The order of subsequent nominations and votes may be strategically inconsequential, especially in the beginning when the likelihood of anyone having enough votes to secure the mayor’s job is remote. But it has drawn the attention of City Hall insiders who are debating the potential benefits and disadvantages of any of the rules governing the selection of the person who will fill out the year remaining on Newsom’s term.

The provision dictating how nominations will be opened is just one of many rules that will guide the Board of Supervisors as it sets out on this most unusual task as early as next week.

Supervisor Sean Elsbernd called the decision "the most important vote we will ever cast as members of this board, and it’s a vote that every San Franciscan is watching."

The last time the San Francisco Board of Supervisors selected a new mayor was 32 years ago when then-Mayor George Moscone was assassinated in his City Hall office.

Last Tuesday, the board spent hours debating the nomination process. For devotees of City Hall politics, the meeting was a must-see event that highlighted the split between the left-leaning progressives, who hold a slim majority, and the moderates. Both camps jockeyed for an edge.

There was cussing, verbal sparring, head-scratching, grandstanding, plenty of lawyering and lots of confusion, especially when amendments were amended and then amended again.

Under the process finally agreed upon, and unanimously at that, the Board of Supervisors will sit as a committee of the whole and each supervisor can make one nomination from the floor in Round One.

No supervisor can vote for nor nominate himself or herself; the successor mayor does not have to be a supervisor.

Any supervisor who is nominated and accepts the nomination will be sequestered and cannot participate in the process; they can watch the proceedings on TV from their offices, but they can’t be in contact with any of their colleagues - no tweeting, Facebook posts, e-mails, instant messaging.

The remaining supervisors then will vote on each nomination in the order it was received. If no one is selected in the initial round of nominations, the process will begin anew. The same supervisor can be voted on in subsequent rounds, but would be barred from voting for anyone unless he or she withdraws from consideration.

The first person to get six votes will get the committee’s recommendation. The committee immediately will reconvene as the full board and vote again.

Among the many possible contenders are Board of Supervisors President David Chiu, Supervisors David Campos and Ross Mirkarimi, Assemblyman Tom Ammiano, state Sen. Mark Leno, Sheriff Mike Hennessey, City Attorney Dennis Herrera, former City Attorney Louise Renne, San Francisco Public Utilities chief Ed Harrington, former Mayors Art Agnos and Willie Brown, and Newsom Chief of Staff Steve Kawa.

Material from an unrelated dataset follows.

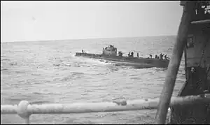 At the start of World War II on 1 September 1939, Le Glorieux was assigned to the 1st Submarine Division in the 2nd Submarine Squadron of the 1st Flotilla of the 3rd Squadron, based at Toulon, France.[3] Her sister ships Le Conquérant, Le Héros, and Le Tonnant made up the rest of the division.[3][5] Between 12 October and 3 November 1939, she patrolled with her sister ship Redoutable along the coast of Madeira, where part of the German merchant fleet — which the Allies suspected of serving as supply ships for German U-boats – had taken refuge when the war broke out.[6] She conducted two patrols, and the only significant incident occurred when the British cargo ship Egba refused to stop for inspection even after Le Glorieux fired warning shots.[3]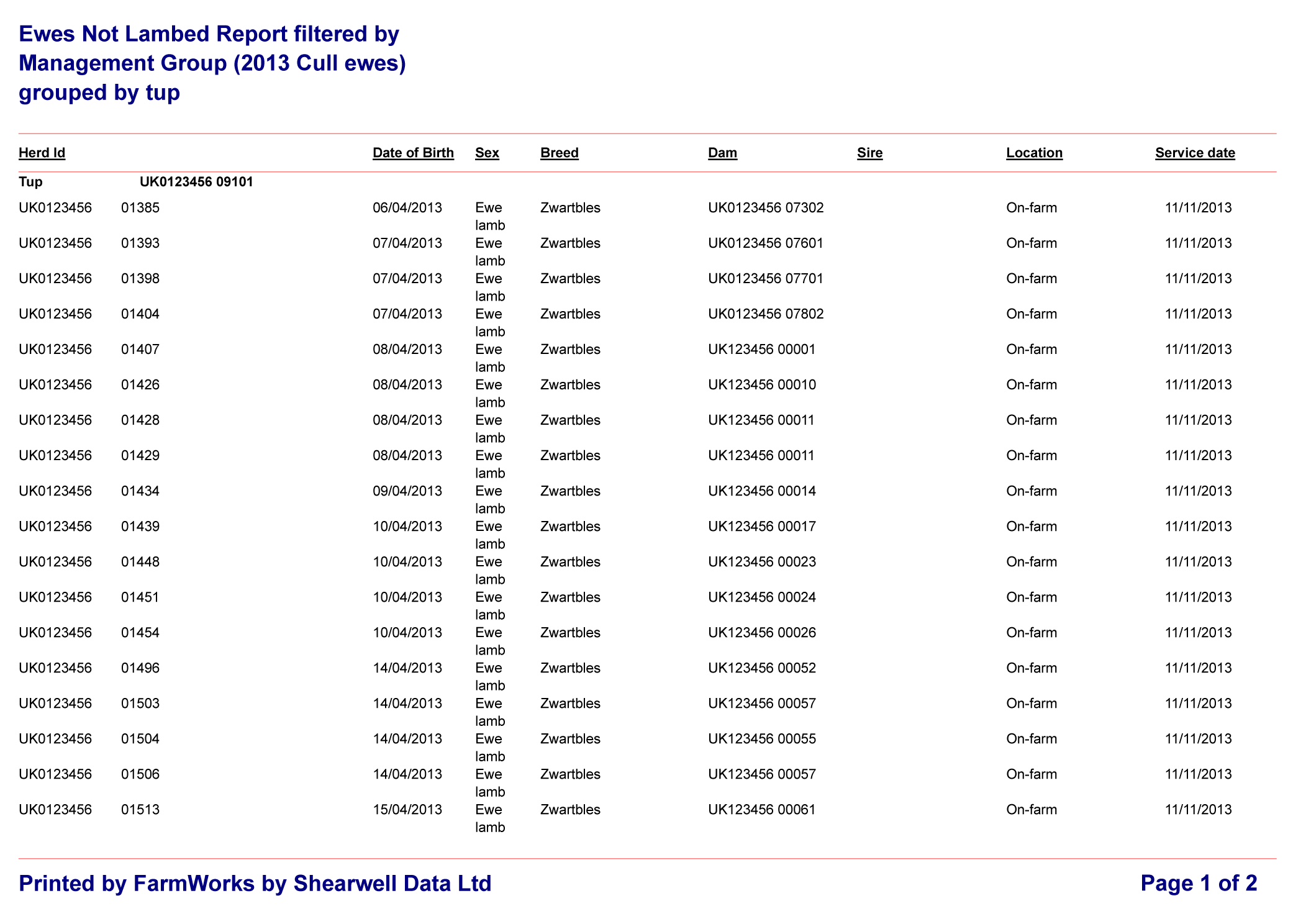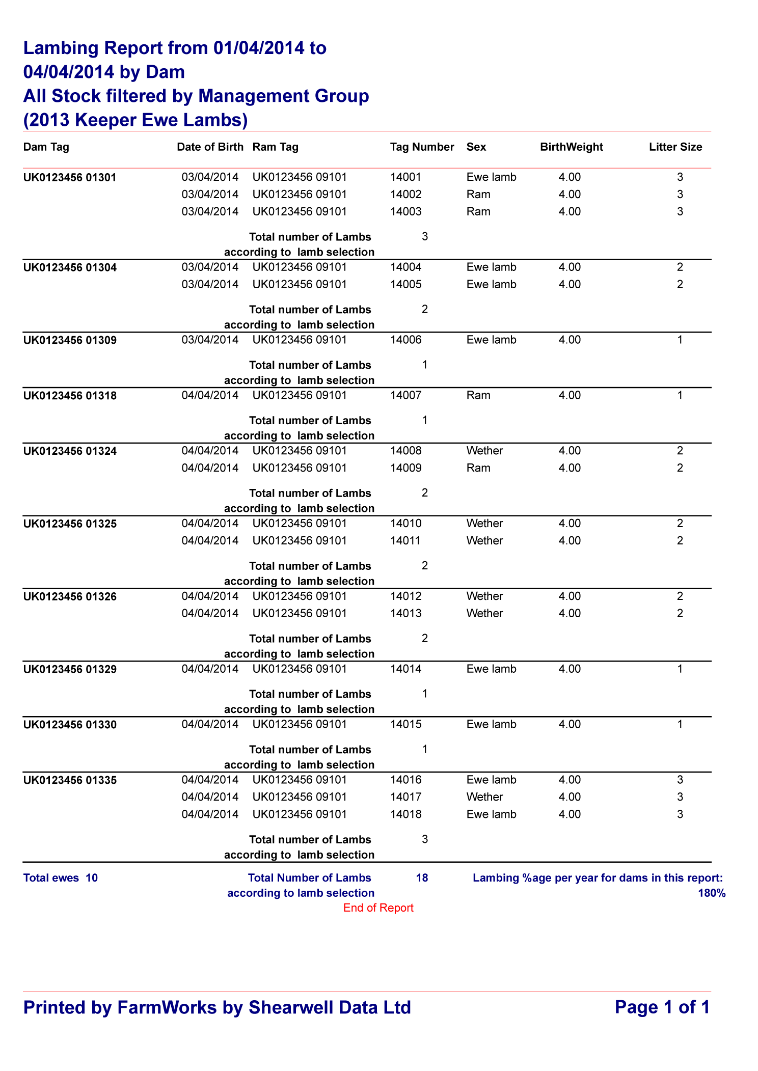 Click on the links below to view a sample lambing related report:

If the board makes its pick before Newsom is sworn in Jan. 3, the selection would have to be voted on yet again once Newsom is gone.

And if there’s no agreement? The board president will serve as acting mayor - and retain the supervisor’s seat - until an interim mayor is chosen or until the mayor elected by voters next November takes office in January 2012.

Ultimately, the current board may not choose San Francisco’s interim mayor. Come Jan. 8, four of the veterans will be termed out and replaced.

Given the hourslong debate to just come up with a process - which Supervisor Chris Daly described as "Swiss cheese" - no one expects picking an interim mayor to be quick and easy.

"It’s the highest-stakes card game in decades, only 11 people get to play, and nobody knows what a winning hand looks like," said veteran City Hall observer Alex Clemens, a former Board of Supervisors aide who now runs a political consulting firm.

The selection, he added, "will be decided by a complex combination of trust, mistrust, the discipline of the progressive majority on the Board of Supervisors - or lack thereof - history, relationships, and sheer force of will."